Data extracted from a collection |

※ ※ ※

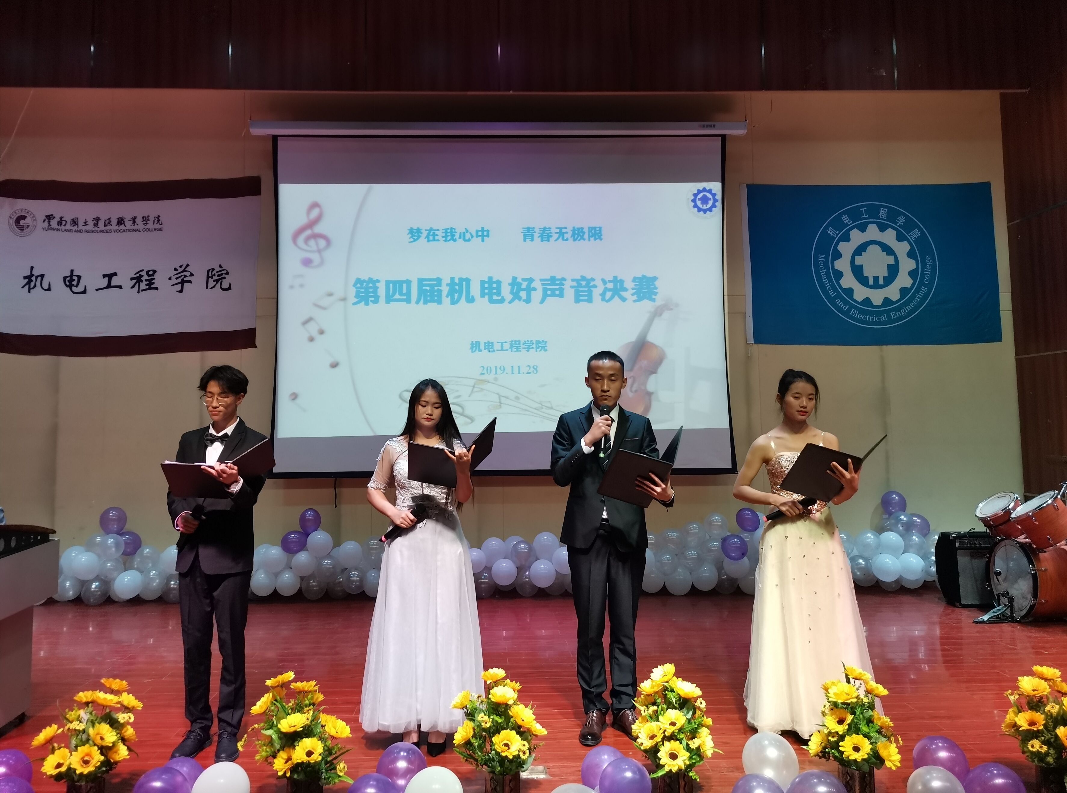 机电之声唱响校园,机电青年逐梦青春。为了营造一个积极向上、歌声回响的校园文化氛围,体现机电学子青春洋溢的风貌。ALLWINCITY万象城于2019年11月28日晚19:00在光荣讲堂举行“梦在我心中,激情无极限”第四届机电好声音决赛。出席本次比赛的嘉宾有ALLWINCITY万象城党总支副书记张颖老师、测绘地理信息学院团总支书记合露露老师、国土管理学院团总支书记申锦华老师、资源勘查学院团总支书记李成萍老师、ALLWINCITY万象城团总支书记陈立老师,辅导员李玉老师、马玲老师、谢亚男老师,以及ALLWINCITY万象城的学生代表。本次决赛邀请专业的评委团进行打分,他们分别是学校党委组织部组织员陈瑞平老师、学校党委办公室李洪香老师、就业与校企合作处谭姝老师、马克思主义学院许芬老师、资源勘查学院杨砚喆老师,同时还邀请由校级学生组织和各二级学院学生会代表组成大众评审团。
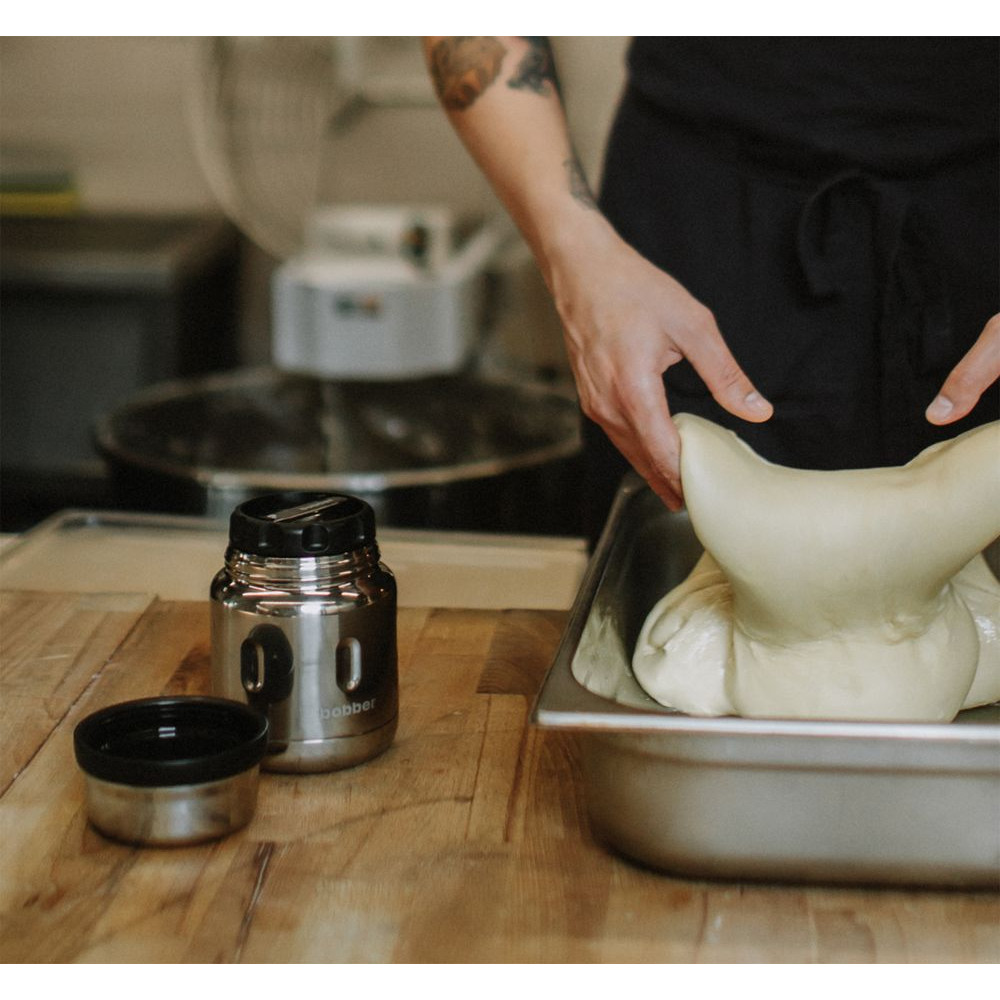 - Благодаря металлической вставке на пробке еда не контактирует с пластиком
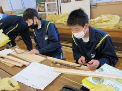 1月20日(金)授業の様子(1年3組技術科) 公開日 2023/01/20 更新日 2023/01/20 今日の西中 木工作品の製作をしています。各自の進度によって、けがきをしたり、木材の切断をしたりしています。生徒はのこぎりの使い方がだいぶ上手になりました。
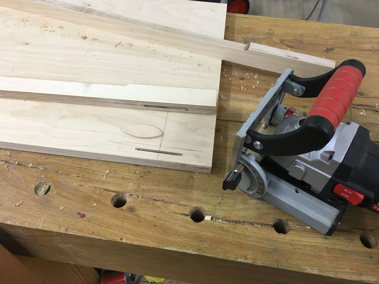 Um das Ausrichten der zu verschraubenden Bauteile zu erleichtern fräse ich Schlitze mit der Flachdübelfräse. Dort werden dann Flachdübel ohne Leim eingesetzt. Die betrifft den Boden, den Mittelträger und den Deckel des Bücherregals.
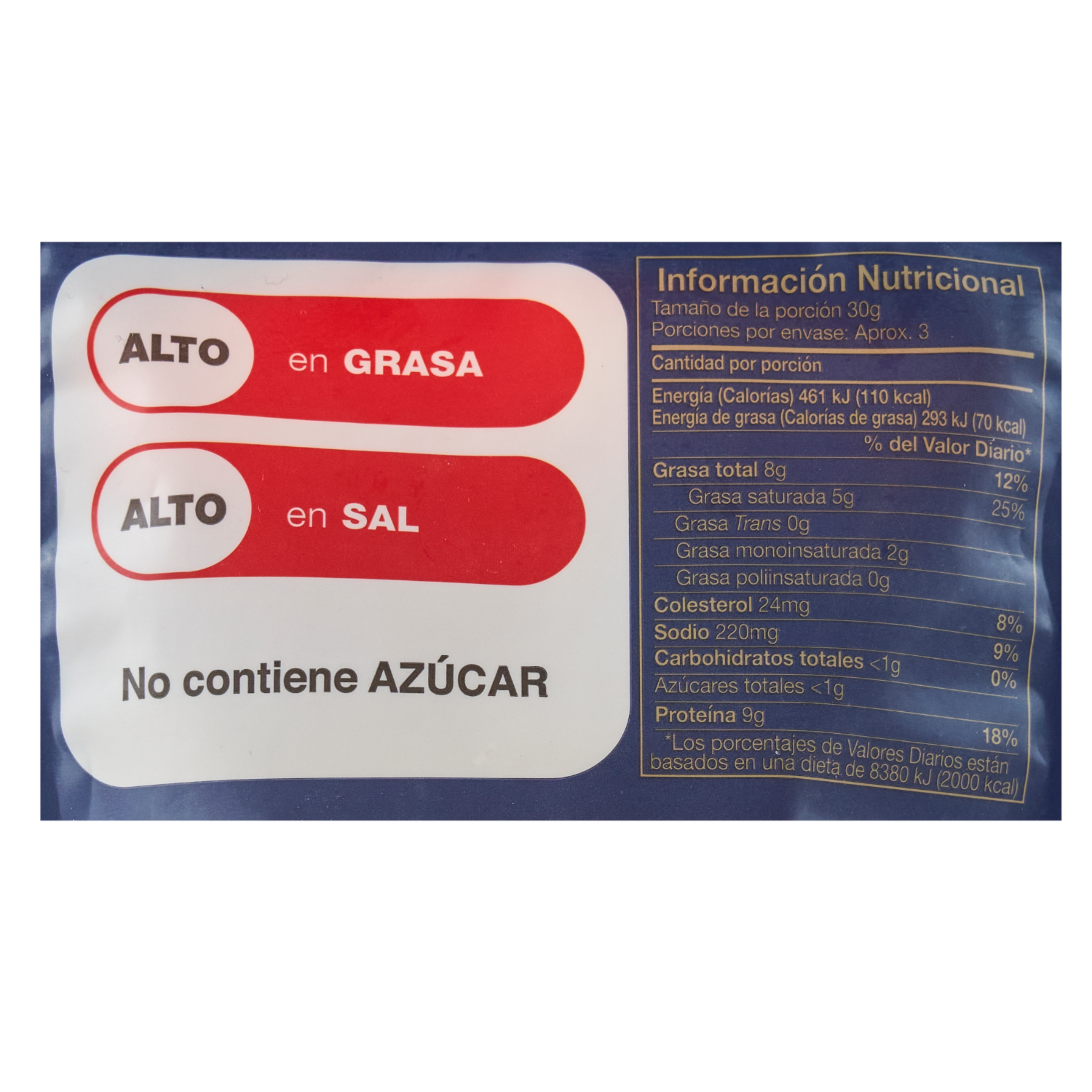 - Queso maduro rallado de sabor intenso y profundo, con una textura granulada y firme que se desmorona fácilmente. Su perfil es salado, con notas a nuez y un ligero toque afrutado, resultado de su larga maduración. Su presentación rallada y con cierre fácil, lo vuelve muy versátil para su uso práctico en cualquier plato
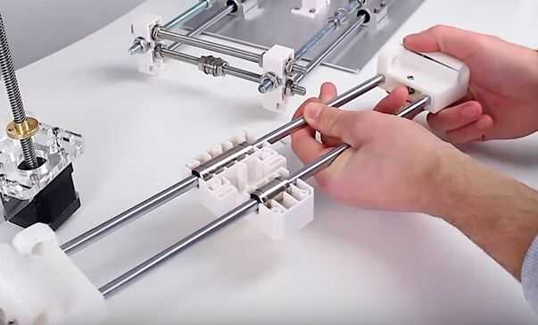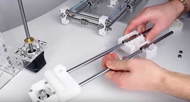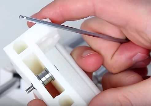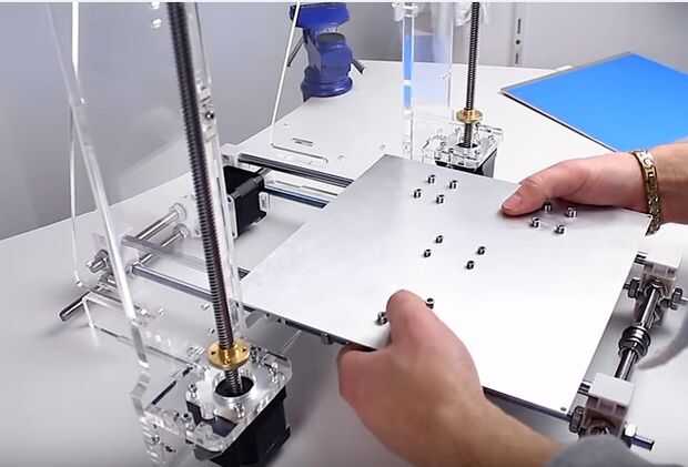 Ahora ponemos en dos cojinetes pequeños y luego apriételos será utilizado a cary la correa. La mitad del trabajo está casi listo. Ahora tomamos nuestro chasis y colocar en las ranuras, luego nos atornillar ocho tuercas, el chasiss de fijación en el lugar. No olvide utilizar las arandelas ya que puede quebrar el vidrio orgánico de demasiada presión desigual.
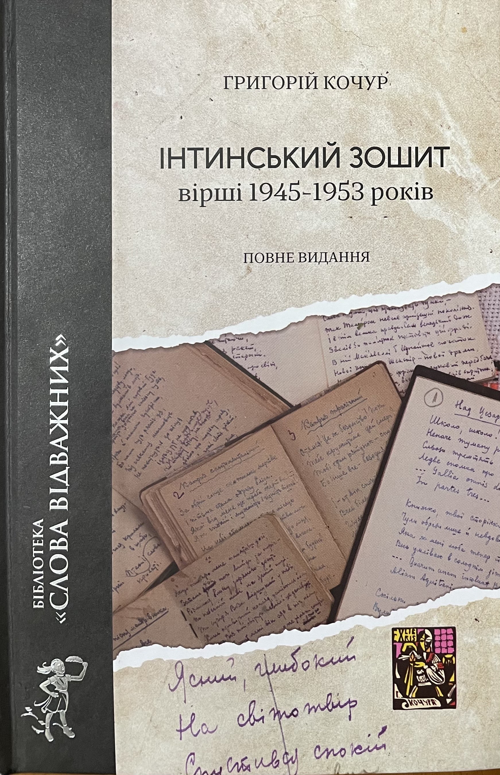 Кочур Г. Інтинський зошит : вірші 1945-1953 років / Г. Кочур. - Київ : ПЕНМЕН, 2024. – 143 с. : фот. – (Бібліотека «Слова відважних»). Ця збірка містить вірші, написані видатним українським поетом та перекладачем під час заслання в радянському таборі міста Інта у 1945-1953 роках. 27 поезій Григорія Кочура було опубліковано 1989 року. Ця книга містить ще 6 віршів Кочура, записаних Ярославою Людкевич під час спільного перебування в таборах та надіслано багаторічній очільниці Музею Григорія Кочура в Ірпені – пані Марії Кочур. |
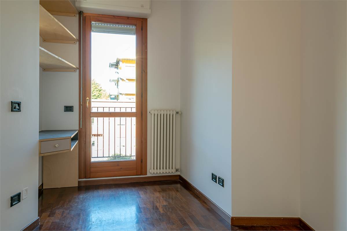L'appartamento dispone di due lunghi balconi su entrambi i lati liberi, tutti i locali sono quindi dotati di portafinestra.
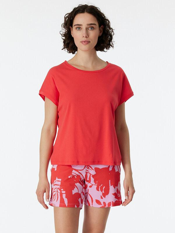 Dieser kurze Pyjama bietet Komfort und Stil für entspannte Stunden zu Hause. Das unifarbene T-Shirt hat einen Rundhalsausschnitt und überschnittene Ärmel und ist aus elastischer Doppelripp-Qualität gefertigt. Die kurze Hose ist mit einem modischen Blumenprint versehen und verfügt über seitliche Taschen, hergestellt aus feiner Interlock-Qualität.
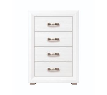 Комод состоит из 4 выдвижных ящиков на шариковых направляющих, где вы можете хранить элементы декора, бумаги, документы и другие важные вещи. Гладкие металлические ручки подчеркивают стильный дизайн и удобны в использовании.

※ ※ ※

TASK INSTRUCTIONS | Could you write out every line above exactly as it stands, with no images?

ANSWER TO THIS TASK |
 机电之声唱响校园,机电青年逐梦青春。为了营造一个积极向上、歌声回响的校园文化氛围,体现机电学子青春洋溢的风貌。ALLWINCITY万象城于2019年11月28日晚19:00在光荣讲堂举行“梦在我心中,激情无极限”第四届机电好声音决赛。出席本次比赛的嘉宾有ALLWINCITY万象城党总支副书记张颖老师、测绘地理信息学院团总支书记合露露老师、国土管理学院团总支书记申锦华老师、资源勘查学院团总支书记李成萍老师、ALLWINCITY万象城团总支书记陈立老师,辅导员李玉老师、马玲老师、谢亚男老师,以及ALLWINCITY万象城的学生代表。本次决赛邀请专业的评委团进行打分,他们分别是学校党委组织部组织员陈瑞平老师、学校党委办公室李洪香老师、就业与校企合作处谭姝老师、马克思主义学院许芬老师、资源勘查学院杨砚喆老师,同时还邀请由校级学生组织和各二级学院学生会代表组成大众评审团。
 - Благодаря металлической вставке на пробке еда не контактирует с пластиком
 1月20日(金)授業の様子(1年3組技術科) 公開日 2023/01/20 更新日 2023/01/20 今日の西中 木工作品の製作をしています。各自の進度によって、けがきをしたり、木材の切断をしたりしています。生徒はのこぎりの使い方がだいぶ上手になりました。
 Um das Ausrichten der zu verschraubenden Bauteile zu erleichtern fräse ich Schlitze mit der Flachdübelfräse. Dort werden dann Flachdübel ohne Leim eingesetzt. Die betrifft den Boden, den Mittelträger und den Deckel des Bücherregals.
 - Queso maduro rallado de sabor intenso y profundo, con una textura granulada y firme que se desmorona fácilmente. Su perfil es salado, con notas a nuez y un ligero toque afrutado, resultado de su larga maduración. Su presentación rallada y con cierre fácil, lo vuelve muy versátil para su uso práctico en cualquier plato
 Ahora ponemos en dos cojinetes pequeños y luego apriételos será utilizado a cary la correa. La mitad del trabajo está casi listo. Ahora tomamos nuestro chasis y colocar en las ranuras, luego nos atornillar ocho tuercas, el chasiss de fijación en el lugar. No olvide utilizar las arandelas ya que puede quebrar el vidrio orgánico de demasiada presión desigual.
 Кочур Г. Інтинський зошит : вірші 1945-1953 років / Г. Кочур. - Київ : ПЕНМЕН, 2024. – 143 с. : фот. – (Бібліотека «Слова відважних»). Ця збірка містить вірші, написані видатним українським поетом та перекладачем під час заслання в радянському таборі міста Інта у 1945-1953 роках. 27 поезій Григорія Кочура було опубліковано 1989 року. Ця книга містить ще 6 віршів Кочура, записаних Ярославою Людкевич під час спільного перебування в таборах та надіслано багаторічній очільниці Музею Григорія Кочура в Ірпені – пані Марії Кочур. |
L'appartamento dispone di due lunghi balconi su entrambi i lati liberi, tutti i locali sono quindi dotati di portafinestra.
 Dieser kurze Pyjama bietet Komfort und Stil für entspannte Stunden zu Hause. Das unifarbene T-Shirt hat einen Rundhalsausschnitt und überschnittene Ärmel und ist aus elastischer Doppelripp-Qualität gefertigt. Die kurze Hose ist mit einem modischen Blumenprint versehen und verfügt über seitliche Taschen, hergestellt aus feiner Interlock-Qualität.
 Комод состоит из 4 выдвижных ящиков на шариковых направляющих, где вы можете хранить элементы декора, бумаги, документы и другие важные вещи. Гладкие металлические ручки подчеркивают стильный дизайн и удобны в использовании.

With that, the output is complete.